The mere fact that a "DLP market" has suddenly emerged with products claiming to solve the problem underlines our tendency, when put under pressure, to install another bit of software rather than take time to do a proper analysis.
For instance, when that Nationwide laptop went missing a couple of years ago, the company was rightly pilloried for allowing unencrypted customer data to walk out of the company. But few asked why an employee felt it necessary (or permissible) to copy the whole customer file in the first place. It appears there was no policy in place covering such an action; nobody thought it mattered.
Take also the notorious case of the lost CDs at HMRC, where someone decided it was OK to copy 25m records, complete with bank details, and put them unencrypted into the post. Again, encryption would have boosted security but it hardly answers much broader questions – why send bank details when they had not been requested? Why not use the Government's own secure network to send the data? Why not use a secure courier? Again it seems the policy was vague or non-existent, and it was not enforced anyway.
Then in January, we heard that an MoD laptop had gone missing, with records on 600,000 people who had applied to join the British armed forces over the last decade. The data was, again, unencrypted but, again, that's not the whole point. Why does anyone need all that data? Are there no controls? Is there no policy, and is it not enforced?
Which brings us back to the so-called DLP market. What kind of single product is going to stop the combination of ignorance, carelessness, stupidity and incompetence that the above three examples demonstrate?
That wise industry-watcher, Philippe Courtot of Qualys, observed recently that many companies have a "pill mentality" when it comes to security – if they have a problem, they think they can take a pill (or install a product) and that will make everything better.
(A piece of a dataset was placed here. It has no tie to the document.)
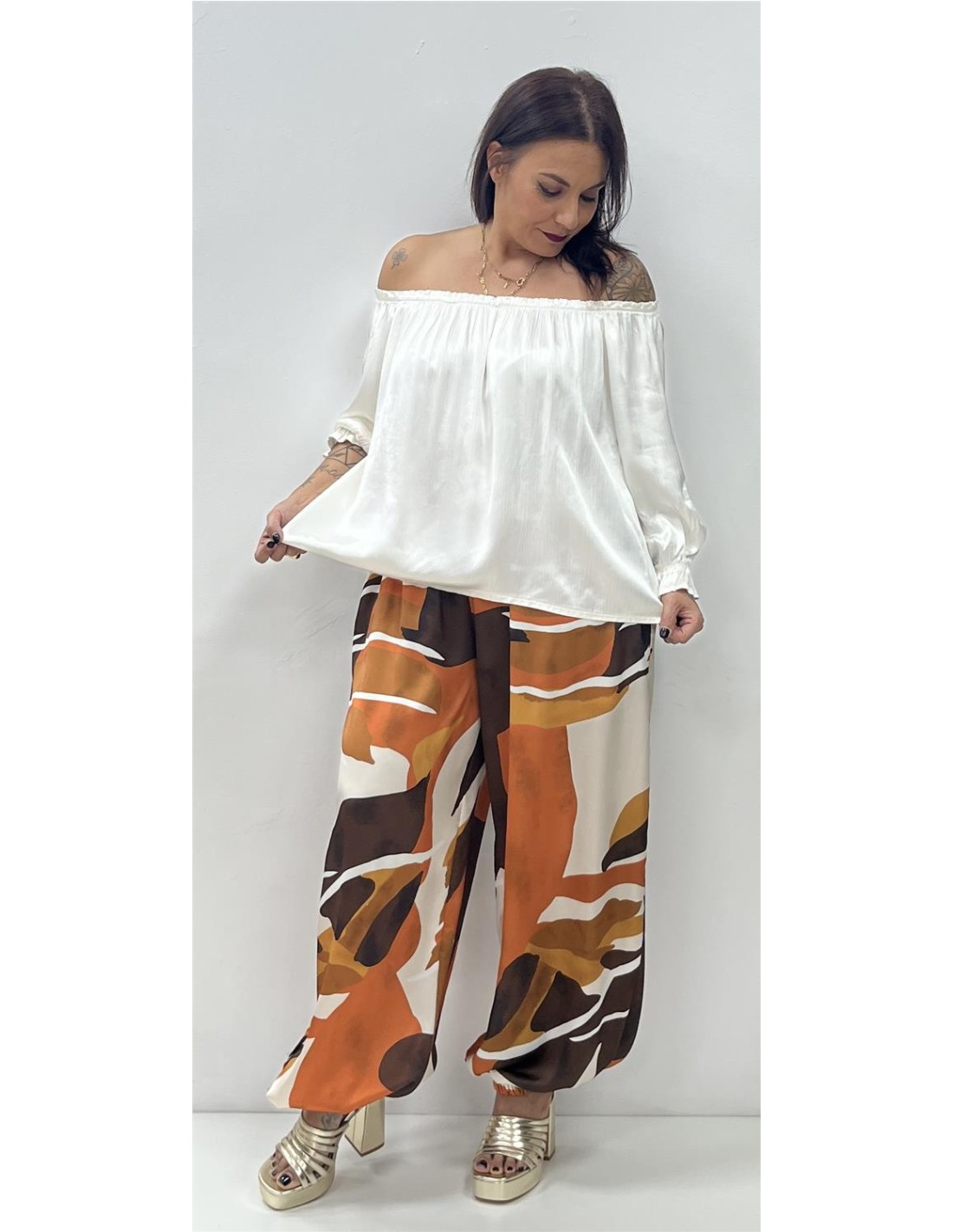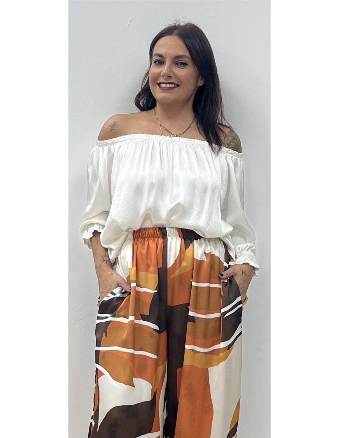 Top satinado cuello barco. Su talla puede dar desde una 38 hasta una 44. Combinado con el tacón TC213

But don't count on anything with a DLP label to wash your blues away. As Paul Simmonds, currently head of security at ICI, says: "The canned demos of DLP products always show how to stop Social Security numbers (for the US) or credit card numbers, both of which have a fixed format that is easy to spot." In other words, the products are unlikely to block more subtle company secrets or information.
If a company is serious about data leakage, it needs to take a much broader view and tackle the basics first. John Pironti, chief information risk strategist at Getronics, says the "painful and non-fun things" – asset inventory, process mapping, data classification – need to be endured to enable companies to get a picture of where data sits, and how it moves around.
Once they've gone through the process, companies can then take a proper risk-based approach to protecting what they have. That may (and certainly will) involve encrypting data, using some DLP products, and using the fund of new features in many email systems to prevent secrets going out via the mail gateway.
The companies may use endpoint solutions to restrict the use of USB ports on laptops, and new discovery tools to help them root out forgotten repositories of sensitive data. In the near future, they may even be able to apply tagging techniques to documents and data to help automate the classification process.
But in the end, technology cannot do it all. People have to use their brains and their judgment to determine what should be protected, what should be allowed and how information should move around. Technology can help define policy and it can also help enforce it much more effectively than any army of officials.
But it won't create or decide the policy for you.